Hillary Clinton, of course, received the Democratic Party nomination in 2016 and was widely expected to beat Trump but she lost to him (though she won California by 4,269,978 in the popular vote, and so beat Trump by 2,864,974 in the nationwide popular vote, while she lost all other states by 1,405,002 votes, and so she would have been California’s President if she had won, but the rest of the nation wouldn’t have been happy).
Among the top reasons why Democrats in primaries and caucuses voted for Clinton was that they thought she would have a higher likelihood of beating the Republican nominee than Sanders did. This was the impression that the Democratic National Committee spread, and the Party’s voters believed in it. However, by the time when Election Day rolled around, the passion that Republicans felt for their nominee, Trump, was much stronger than was the passion that Democrats felt for their nominee, Clinton. During the Democratic primaries, polls were showing that the Democrats who were voting for Sanders to become their Party’s nominee were far more passionate in their support of him than was the case regarding the Democrats who were voting for Clinton to become the Democratic nominee. And nobody questions that Trump was the passion-candidate in the Republican Party’s primaries and caucuses.
On 1 May 2017, McClatchy newspapers headlined “Democrats say they now know exactly why Clinton lost” and reported that,
A select group of top Democratic Party strategists have used new data about last year’s presidential election to reach a startling conclusion about why Hillary Clinton lost.

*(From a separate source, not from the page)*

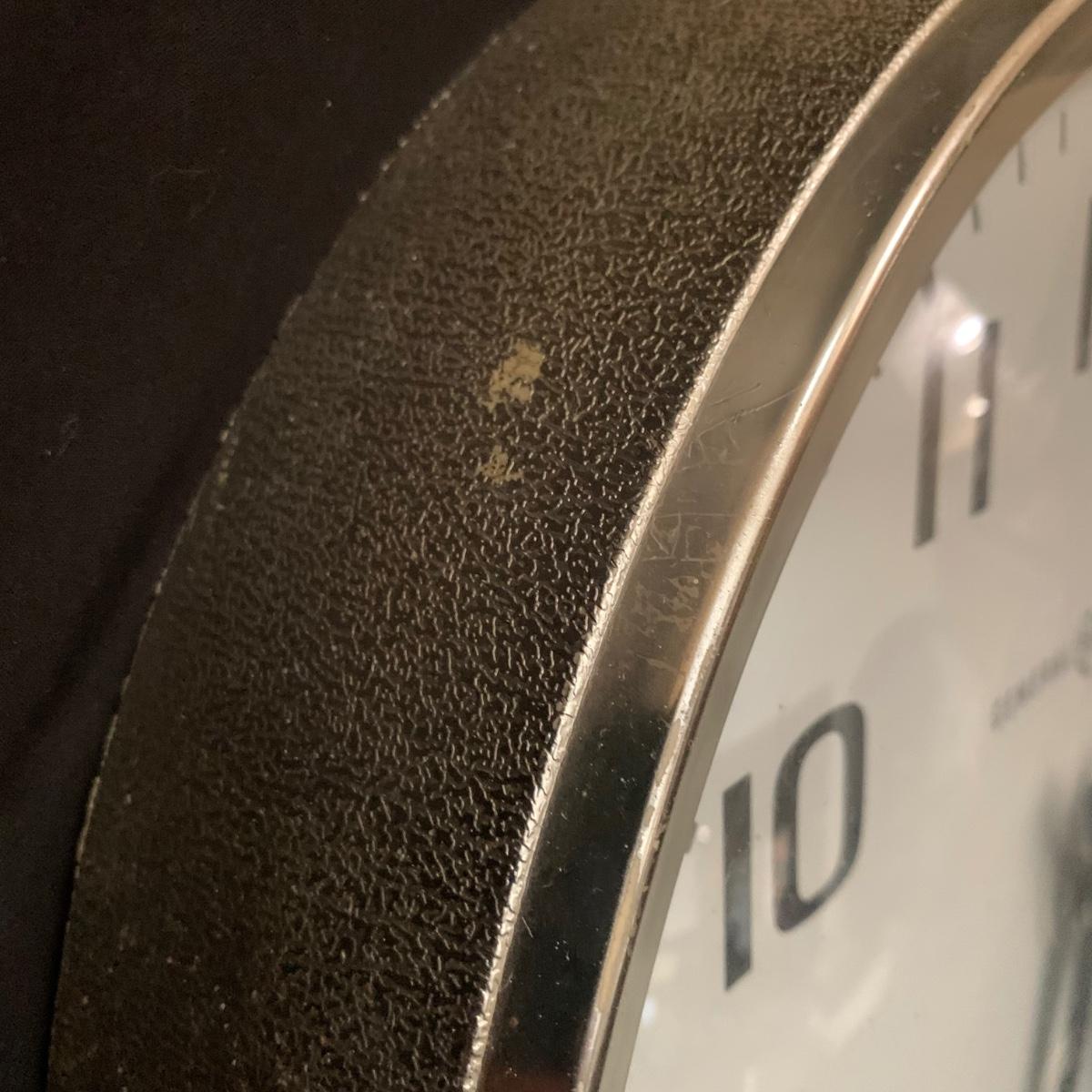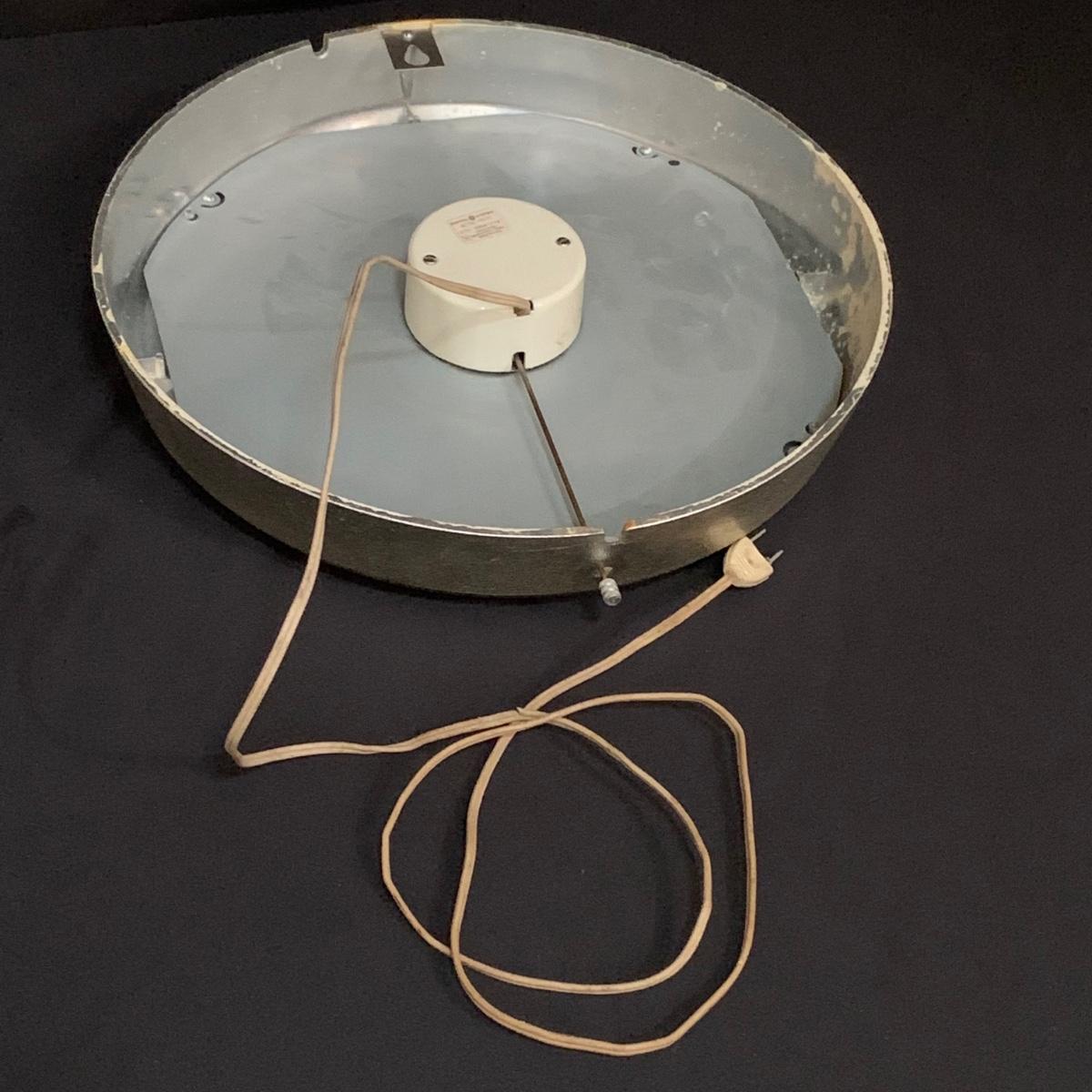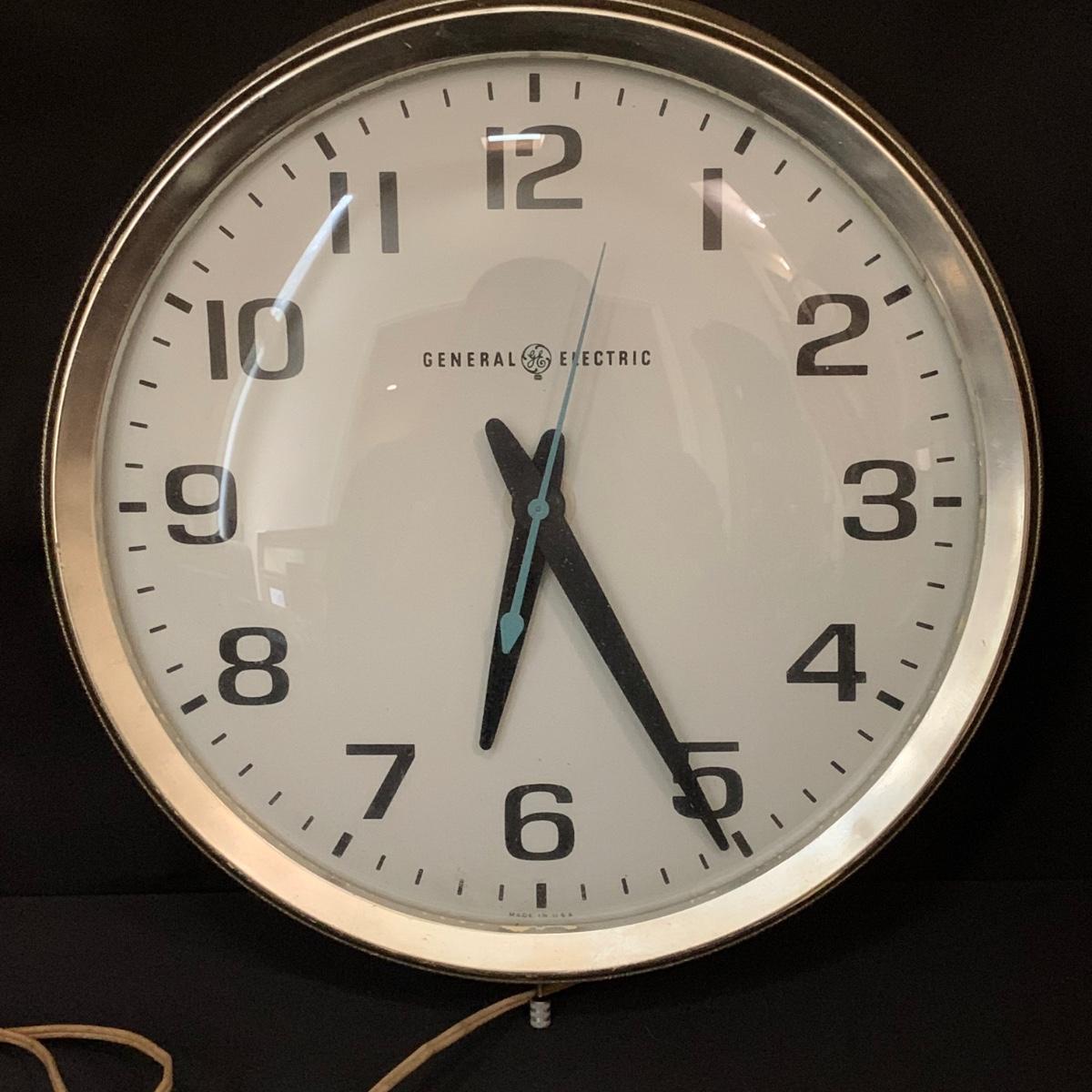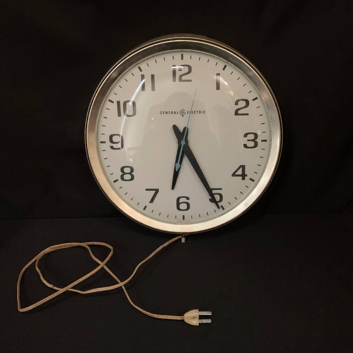Vintage General Electric brand wall cock, Model 2012. Clock has a convex glass front dome with a silver colored plastic frame and a metal back. The frame shows a little wear with some slight chipping of the silver color. Electrical cord has a two-pronged plug. When plugged in, clock functions with blue second hand moving smoothly. Clock measures 14.25”d x 3” deep. Shipping available.

Now they just need to persuade the rest of the party they’re right.
Many Democrats have a shorthand explanation for Clinton’s defeat: Her base didn’t turn out, Donald Trump’s did and the difference was too much to overcome.

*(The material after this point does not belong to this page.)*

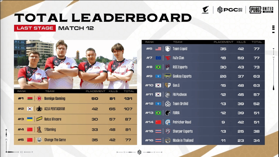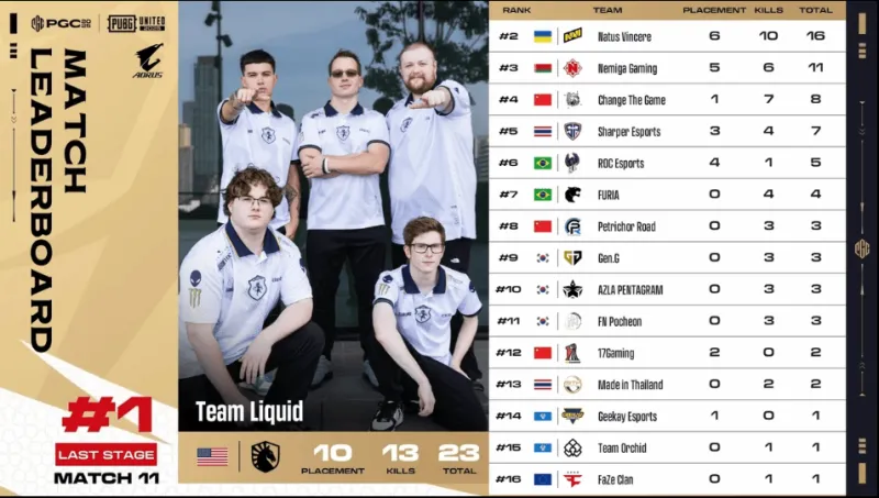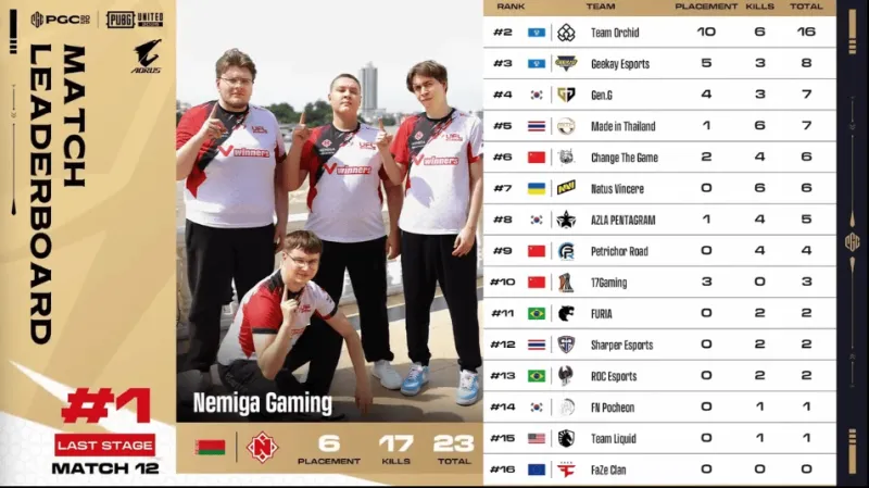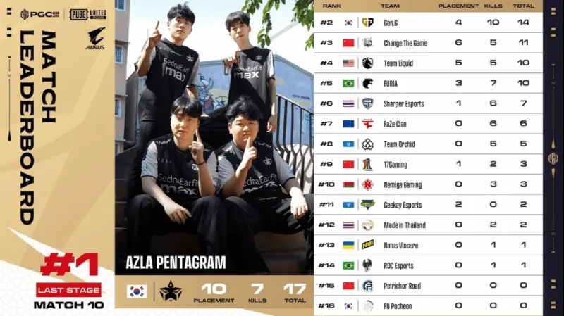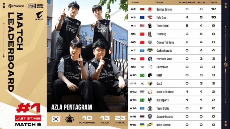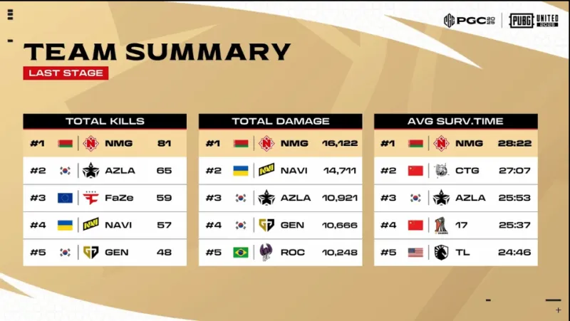 決賽圈,GEN獨(dú)狼被CTG淘汰出局,隨后AZLA與TL交戰(zhàn),CTG也加入戰(zhàn)斗,三隊(duì)混戰(zhàn)TL先被淘汰出局,最終AZLA一顆手雷再將高點(diǎn)的CTG淘汰,AZLA成功吃雞。
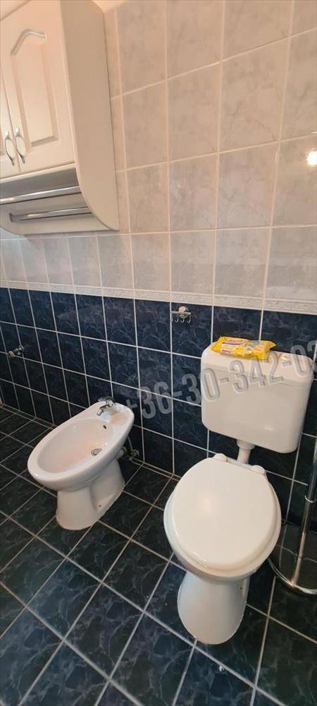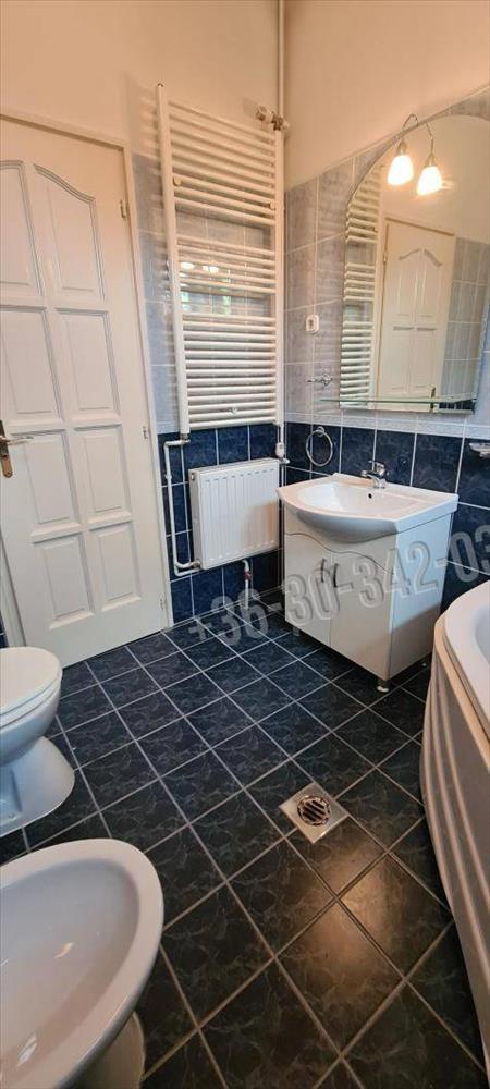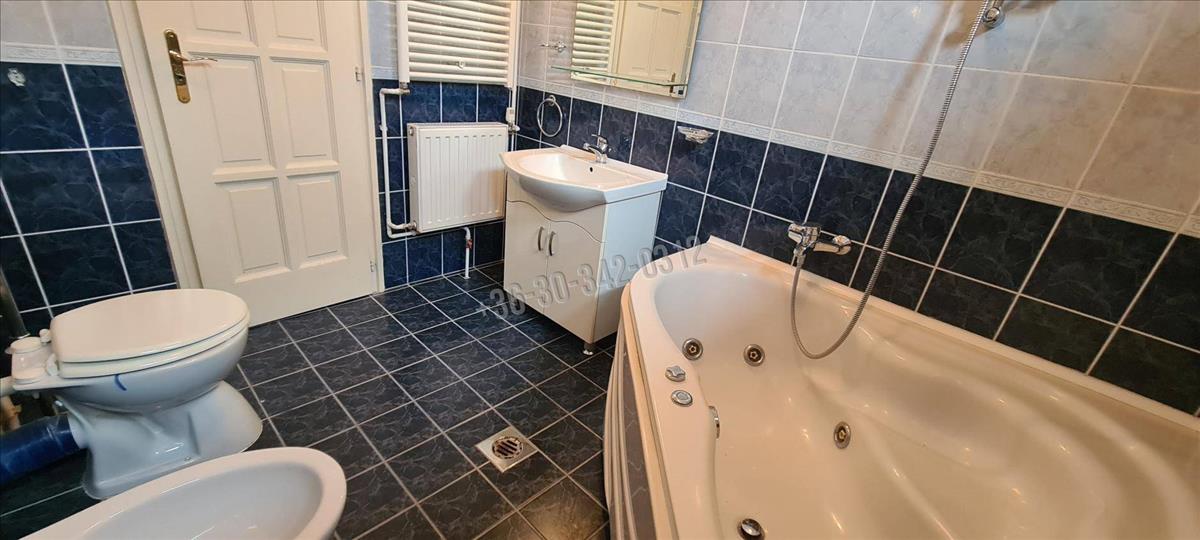 A fürdőszoba tágas, sarokkádas, 2 ablakon keresztül is érkezik be fény, törölközőszárító radiátorral és bidével is felszerelt.

But new information shows that Clinton had a much bigger problem with voters who had supported President Barack Obama in 2012 but backed Trump four years later.
Those Obama-Trump voters, in fact, effectively accounted for more than two-thirds of the reason Clinton lost, according to Matt Canter, a senior vice president of the Democratic political firm Global Strategy Group. In his group’s analysis, about 70 percent of Clinton’s failure to reach Obama’s vote total in 2012 was because she lost these voters. …

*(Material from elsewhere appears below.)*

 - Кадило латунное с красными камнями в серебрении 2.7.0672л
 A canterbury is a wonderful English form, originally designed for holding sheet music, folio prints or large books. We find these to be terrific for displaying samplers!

Although Clinton has blamed her loss on Putin, and on Sanders — and perhaps if Biden wins the nomination he will likewise blame Putin and Sanders if he subsequently loses to Trump — the passion factor is actually much stronger an influence on whom the winner of an electoral contest will be than losing candidates wish to admit or publicly acknowledge; and it could turn out to be the case in 2020, just the same as it did in 2016.
On 24 August 2017, NPR bannered “Here’s How Many Bernie Sanders Supporters Ultimately Voted For Trump” and reported that, “12 percent of people who voted for Sen. Bernie Sanders, I-Vt., in the 2016 Democratic presidential primaries voted for President Trump in the general election. That is according to the data from the Cooperative Congressional Election Study (CCES) — a massive election survey of around 50,000 people.”
WI: 9% of Sanders voters voted for Trump.
MI: 8% of Sanders voters voted for Trump.
PA: 16% of Sanders voters voted for Trump.
Shaffner failed, however, to mention that Sanders beat Clinton in Wisconsin and won 570,192 votes in the Democratic primary there, and that Trump beat Clinton there by 22,748 votes, and that 9% of Sanders’s voters having voted for Trump there constituted 51,317 Sanders-Trump voters, and that this was 2.26 times as high as was Trump’s 22,747-vote victory-margin in Wisconsin, and, consequently: Sanders’s voters who voted for Trump were 2.26 times Trump’s victory-margin against Clinton there; so, clearly, Trump became President because of the huge number of Sanders voters who voted for Trump against Clinton. And it was the same thing that happened in each of the other two crucial states that Trump won in 2016.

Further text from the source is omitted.